5. Bayesian regression

Mathematical modeling refers to the construction of mathematical expressions that describe the behavior of a variable of interest \(Y\). Frequently, we want to add to the model other variables (features) \(X\), which have information about the variable of interest \(Y\). This problem is known as regression. Formally, we look for a function \(f:\mathcal{X}\to\mathcal{Y}\) such that \(f(X)\) is a good approximation of \(Y\).

5.1. Bayesian linear regression, the Normal - Inverse-\(\chi^2\) model

Consider the usual regression model

\[Y=X^T\beta+\varepsilon,\]

with \(\varepsilon|X\sim \textsf{Normal}(0,\sigma^2)\) and \(\varepsilon\perp\!\!\!\perp\beta|X\).

And assume that we have a sample \(\mathcal{D}_n=\left((X_1,Y_1),\ldots,(X_n,Y_n)\right)\) with \((X_i,Y_i)\overset{iid}{\sim}(X,Y)\). Thus, the model can be written as

\[\mathbf{Y}=\mathbf{X}\beta+\vec{\varepsilon},\quad \vec{\varepsilon}\sim\textsf{Normal}_n(0,\sigma^2 I).\]

The parameters of this model are \(\beta\) and \(\sigma\).

See also

The accounts needed to deduce all the different distributions of the model presented in this chapter are extremely tedious, so I will limit myself to present here the results. Those interested readers can find in these notes all the details.

5.1.1. Prior distributions

Consider the following priors for this model

\[\begin{split} \begin{align*} \sigma^2 &\sim \textsf{Inverse-}\chi^2(\nu_0,\sigma_0^2),\quad \nu_0,\sigma_0>0, \\ \beta|\sigma^2 &\sim \textsf{Normal}_p(\mu_0, \sigma^2 V_0), \end{align*} \end{split}\]

with \(\mu_0\in \mathbb{R}^p\) and \(V_0\) a symmetric, positive definite matrix.

In this case we say that the joint distribution of \(\beta,\sigma^2\) is a Normal - Inverse-\(\chi^2\) distribution with parameters \(\mu_0,\, V_0,\, \nu_0\) and \(\sigma_0^2\), which is denoted as

\[\beta,\sigma^2\sim \textsf{NI}\chi^2(\mu_0, V_0, \nu_0, \sigma_0^2).\]

With some extra effort, it is possible to show that

\[\begin{split} \begin{align*} \beta &\sim \textsf{t}_{\nu_0}(\mu_0,\sigma_0^2 V_0), \\ \sigma^2|\beta &\sim \textsf{Inverse-}\chi^2\left(\nu_0+p, \frac{\nu_0\sigma_0^2+(\beta-\mu_0)^TV_0^{-1}(\beta-\mu_0)}{\nu_0+p}\right). \end{align*} \end{split}\]

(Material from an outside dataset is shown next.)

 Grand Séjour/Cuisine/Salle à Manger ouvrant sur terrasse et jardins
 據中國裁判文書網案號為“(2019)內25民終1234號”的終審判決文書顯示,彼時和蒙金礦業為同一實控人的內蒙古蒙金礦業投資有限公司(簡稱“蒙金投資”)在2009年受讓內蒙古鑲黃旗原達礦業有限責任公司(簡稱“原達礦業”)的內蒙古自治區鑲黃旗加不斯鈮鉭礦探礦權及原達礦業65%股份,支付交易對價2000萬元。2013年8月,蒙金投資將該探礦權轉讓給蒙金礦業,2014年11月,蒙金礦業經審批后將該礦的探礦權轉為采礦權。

5.1.2. Posterior joint distribution

Due to the conjugacy property, the joint posterior distribution is given by

\[\beta,\sigma^2\sim \textsf{NI}\chi^2(\mu_n, V_n, \nu_n, \sigma_n^2),\]

where

\[\begin{split} \begin{align*} V_n & = \left(V_0^{-1}+\mathbf{X}^T\mathbf{X}\right)^{-1} \\ \mu_n & = V_n \left(V_0^{-1}\mu_0+\mathbf{X}^T\mathbf{Y}\right) \\ \nu_n & = \nu_0+n \\ \nu_n\sigma_n^2 & = \nu_0\sigma_0^2 + \mu_0^T V_0^{-1}\mu_0 + \mathbf{Y}^T\mathbf{Y} - \mu_n^TV_n^{-1}\mu_n \end{align*} \end{split}\]

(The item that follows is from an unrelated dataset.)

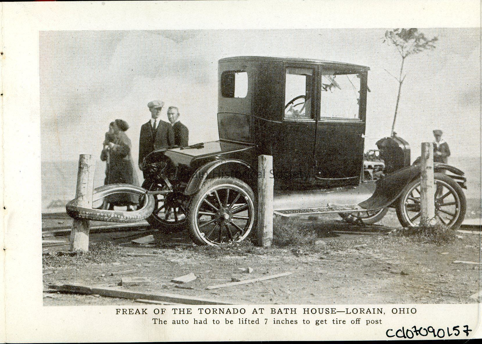 Souvenir Booklet Page reads: "FREAK OF THE TORNADO AT BATH HOUSE -- LORAIN, OHIO The auto had to be lifted 7 inches to get tire off post".Acquisition

5.1.3. Prior predictive distribution

It can be shown that

\[\begin{split} \begin{align*} \mathbf{\tilde{Y}}|\mathbf{\tilde{X}},\beta,\sigma^2 & \sim \textsf{Normal}_n\left(\mathbf{\tilde{X}} \beta, \sigma^2 I\right) \\ \mathbf{\tilde{Y}}|\mathbf{\tilde{X}},\sigma^2 & \sim \textsf{Normal}_n\left(\mathbf{\tilde{X}} \mu_0, \sigma^2 \left(I+\mathbf{\tilde{X}} V_0 \mathbf{\tilde{X}}^T\right)\right) \\ \mathbf{\tilde{Y}}|\mathbf{\tilde{X}} & \sim t_{\nu_0}\left(\mathbf{\tilde{X}} \mu_0, \sigma_0^2\left(I+\mathbf{\tilde{X}} V_0 \mathbf{\tilde{X}}^T\right)\right) \\ \end{align*} \end{split}\]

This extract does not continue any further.